In the late 1870s the end of the Reconstruction, also
withered away the power of the thirteenth, fourteenth, and
fifteenth amendments. The Southern whites supplanted new
laws that prevented the African Americans from receiving full
citizenship. The supremacy of the southern whites prevented
previous African American salves from voting. Although the
fourteenth amendment granted them the right to vote as
citizens, white southerners required African Americans to
pass the literacy test in order to vote. However, because the
African Americans were uneducated, they could not pass,
preventing them from voting. The grandfather clause was
another barrier. The southern white found ways to avoid the
laws enacted to protect the African Americans in the south
from gaining full citizenship. The emergence of a group called
Ku Klux Klan after the Civil War, abused and lynched African
Americans. Elias Hill, a former African American slave, "whose
freedom was purchased" was "struck," "beat," "pointing
pistols," "horse-shipped." Many former African American
salves encountered the KKK in devious ways leading them to
move to the north or stay in the south hoping that one day
the "whites that professed to be our friends then have since
cried out and rejoiced in our hearing over our injuries and
sufferings," will be united with them.
Nine southern states passed Jim Crow laws that segregated
African Americans in the south from sharing the same

facilities such as bathrooms, water fountains, and public


transportations. In 1896, the Plessy vs.
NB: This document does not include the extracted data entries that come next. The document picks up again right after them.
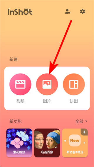 1、打開(kāi)InShot軟件,點(diǎn)擊圖片選項(xiàng)進(jìn)入圖片選擇界面。
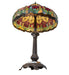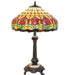 Pearlescent Beige glass panels with Plum Pink Colonial Tulips Setting atop Spring Green leaves are accented with Amethyst jewels and waves of Mahogany Granite glass. The shade is enhanced with a Mahogany Bronze finished table base that features Onyx accents. The lamp is perfect for featuring in a picture window and on desktops or credenzas. The Colonial Tulip Table Lamp is featured in our American-designed, handcrafted Stained Glass Lighting Collection. The lamp is UL and cUL listed for dry locations. Each shade is a unique work of art with color variations based on natural ingredients inherent in the glass.
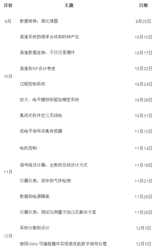 在接下來的活動中, ADI 2013在線設(shè)計峰會將安排共6場高水準的在線研討會,包括ADI專家團隊帶來的實現(xiàn)更高信號處理性能與參考設(shè)計和系統(tǒng)應(yīng)用為主題的技術(shù)指導(dǎo),如“數(shù)據(jù)與電源隔離”、“系統(tǒng)分割與設(shè)計”、“液體與氣體檢測”等精彩主題,活動合作伙伴Xilinx還將展示他們基于ADI模擬和混合信號技術(shù)的領(lǐng)先解決方案。關(guān)注這些熱門主題的中國工程師們現(xiàn)在即可登陸ADI 2013在線設(shè)計峰會官方頁面并注冊參會,精彩不容錯過。本次峰會全部結(jié)束后,ADI還將貼心的對所有主題研討會的視頻和技術(shù)資源進行為期四個月的在線展示,讓錯失某期話題研討的工程師們不留遺憾。
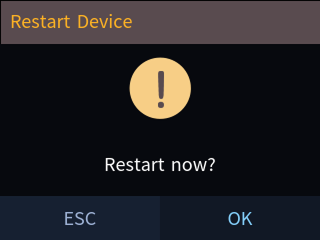 Press OK to restart the device. Press ESC to return to the previous screen.
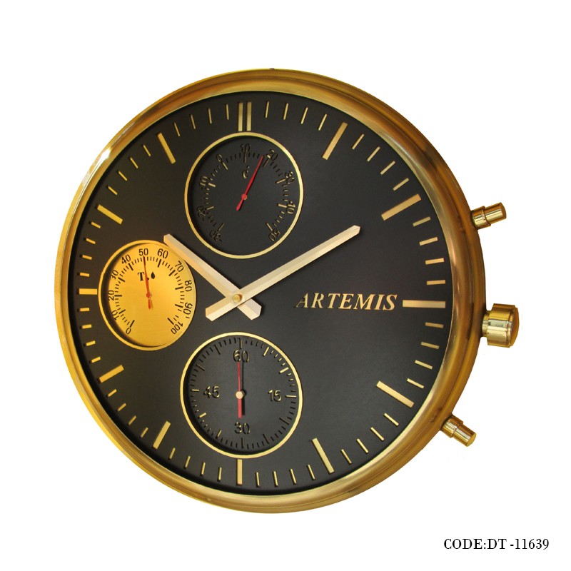 ساعت دیواری فلزی سه دکمه گلد طرح ساعت مچی
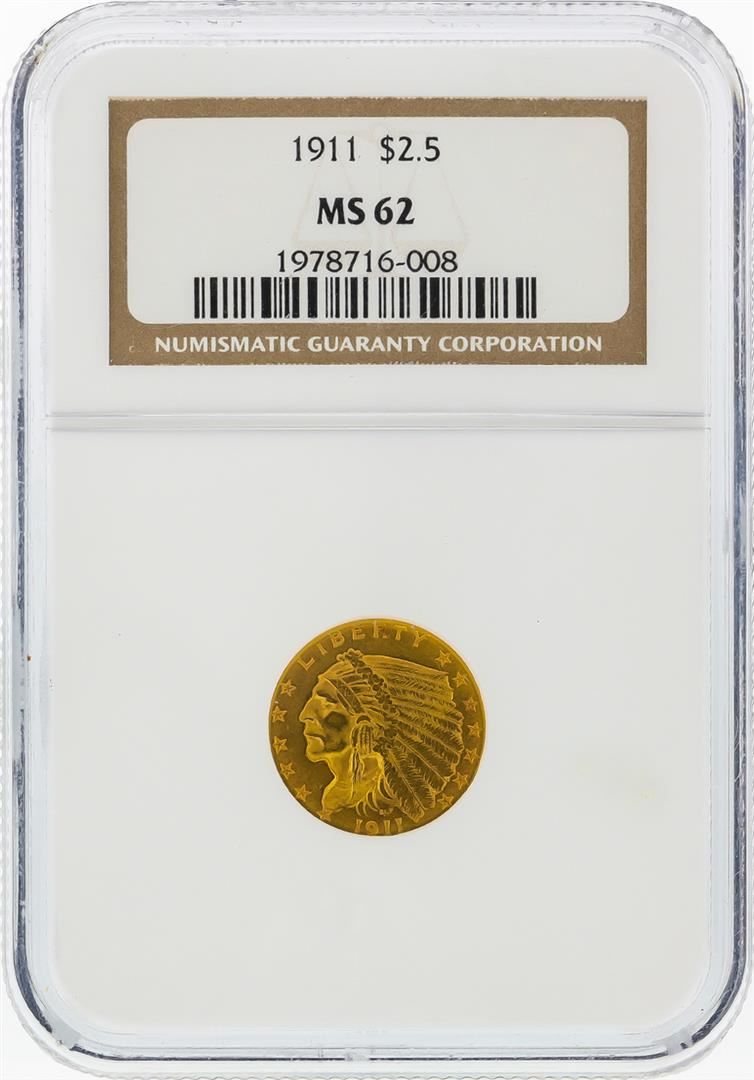 One 1911 $2.5 Indian Head Gold Coin NGC Graded MS62. NGC Certified.

Ferguson case
depicted the unjust discrimination of the African Americans.
Ferguson states, " slavery, as an institution tolerate by law,
would, it is true, have disappeared form our country; but
there would remain a power in the states, by sinister
legislation, to interfere with the full enjoyment of the
blessings of freedom, to regulate civil rights, common to all
citizens...," portraying the unequal treatment the African
Americans in the south underwent even though they were
granted citizenship and abolishment of slavery. This separate
but equal ruling restricted African Americans from fully being
able to use their rights as citizens. Steven Thaddeus, who
advocated for the racial equality of the African Americans
believed that, "every man, no matter what his race or color;
every earthly being who has an immortal soul, has an equal
right to justice, honesty, and fair play with every other man;
and the law should secure him these rights." He believed that
because the African Americans were citizens of the United
States, discriminating them against the whites did not give
them the full citizenship they deserve.
The inequality of rights given to citizens or immigrants
are demonstrated through the former African American
slaves and Chinese workers in the United States during the
Civil War to 1900. Based on race, gender, or class, Chinese
workers and former African American slaves in the south were
prevented from obtaining full citizenship. Chinese workers
who came to the United States for jobs were stripped from
becoming citizens due to the Chinese Exclusion Act of 1882
and the white workers. As for the former African Americans
who received citizenship, could not actively participate in
applying their rights due their history of being slaves, various
laws, and social groups such as the southern whites. Each
and every person possess their own rights that should not be
restricted or ignored by political, economic, or social

problems but rather be given freedom to access their rights


despite their color, gender, or class.